Here are some examples of things that should now work with the hg version of SymPy:

>>> from sympy import *

>>> var('n x')

(n, x)

>>> (log(1+I)/pi).evalf(50)

0.11031780007632579669822821605899884549134487436483 + 0.25*I

>>> (atan(exp(1000))-pi/2).evalf(15, maxprec=1000)

-5.07595889754946e-435

>>> Integral(exp(-x**2), (x, -oo, oo)).evalf(50)

1.7724538509055160272981674833411451827975494561224

>>> Integral(sin(1/x), (x, 0, 1)).transform(x, 1/x).evalf(25, quad='osc')

0.5040670619069283719898561

>>> Sum(1/(9*n**2+4*n+6), (n, 0, oo)).evalf(50)

0.27865709939940301230611638967893239422996461876558

Besides standard formula evaluation, numerical integration is supported, as is summation of infinite hypergeometric series.

Numerical differentiation and summation of generic infinite series is also on its way.
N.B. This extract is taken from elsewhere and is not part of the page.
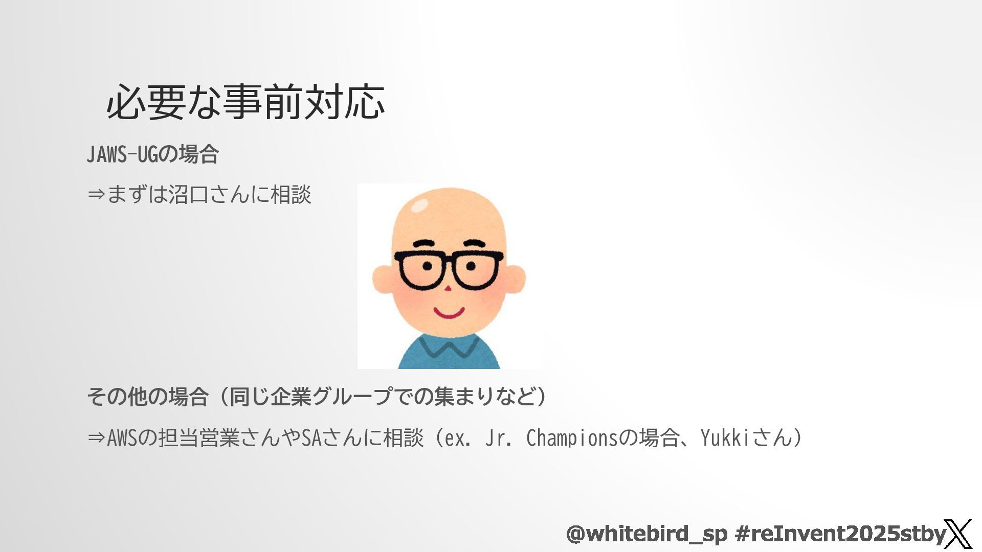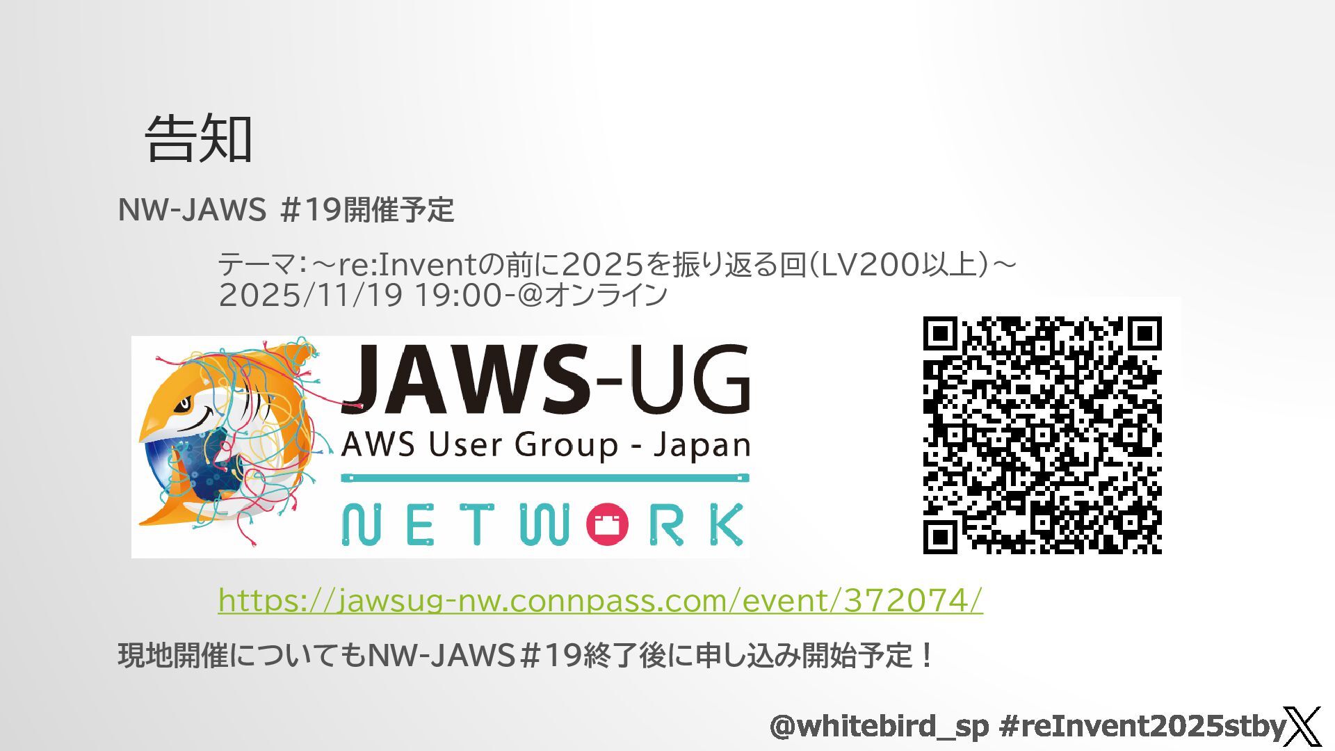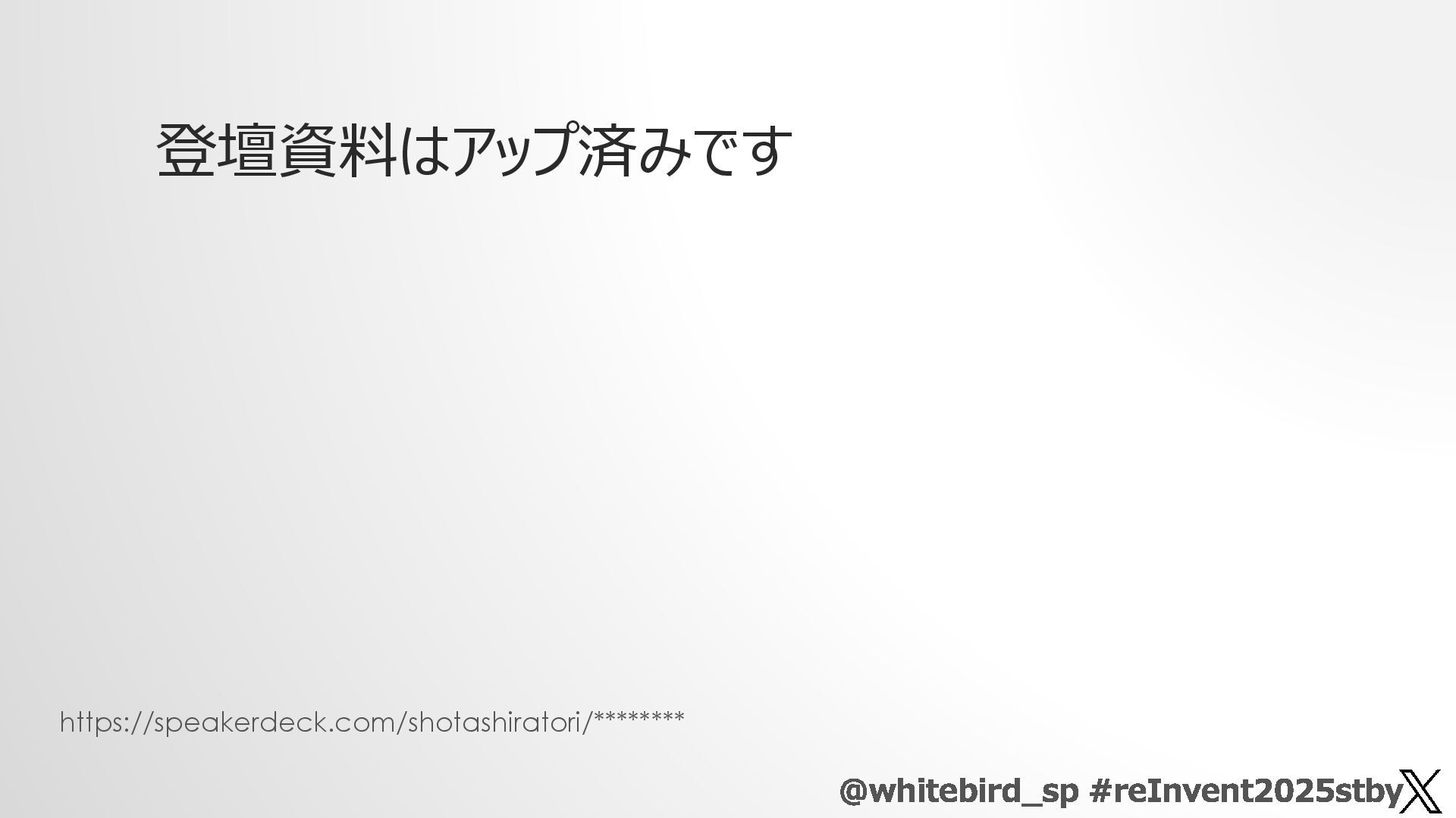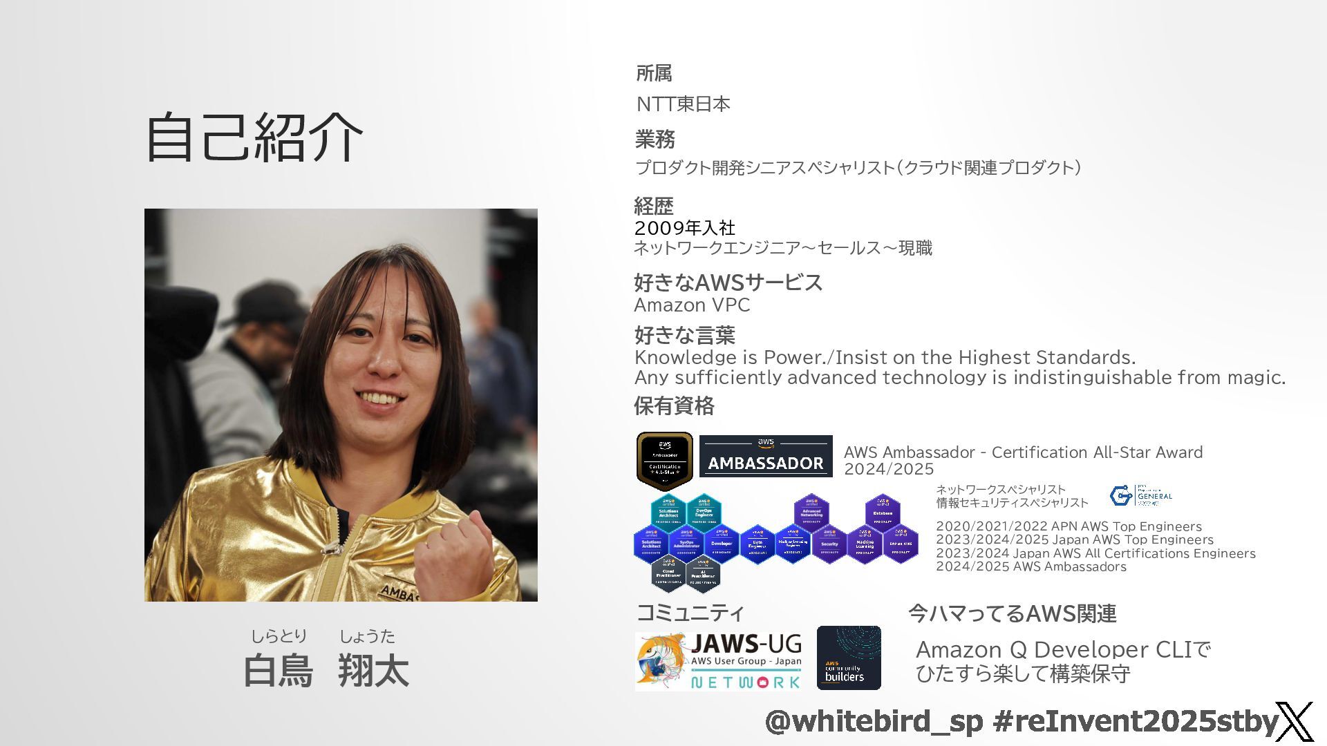 保有資格 しらとり しょうた 好きなAWSサービス Amazon VPC ネットワークスペシャリスト 情報セキュリティスペシャリスト 2020/2021/2022 APN AWS Top Engineers 2023/2024/2025 Japan AWS Top Engineers 2023/2024 Japan AWS All Certifications Engineers 2024/2025 AWS Ambassadors 好きな言葉 Knowledge is Power./Insist on the Highest Standards. Any sufficiently advanced technology is indistinguishable from magic. コミュニティ AWS Ambassador - Certification All-Star Award 2024/2025 今ハマってるAWS関連 Amazon Q Developer CLIで ひたすら楽して構築保守 @whitebird_sp #reInvent2025stby

The following works with my local copy:

>>> Sum(1/n-log(1+1/n), (n, 1, oo)).evalf(50)

0.57721566490153286060651209008240243104215933593992

>>> Derivative(-gamma(x), x).evalf(50, subs={x:1})

0.57721566490153286060651209008240243104215933593992

The series is summed using the Euler-Maclaurin formula; in fact, the high-order derivatives are computed symbolically behind the scenes. (Because of the need for high-order derivatives, the Euler-Maclaurin formula makes much more sense in the context of a CAS than purely numerically.) This algorithm does have its drawbacks, so at some points pure extrapolation methods (which are already used for slowly convergent hypergeometric series) will be supported as well.

The use of an adaptive algorithm for evalf turns out to be especially useful for numerical differentiation, as one can just directly use a finite difference formula with a tiny step size, without worrying about cancellation error.

There is a lot more to be said about the details, but I'm leaving that for the to-be-written documentation.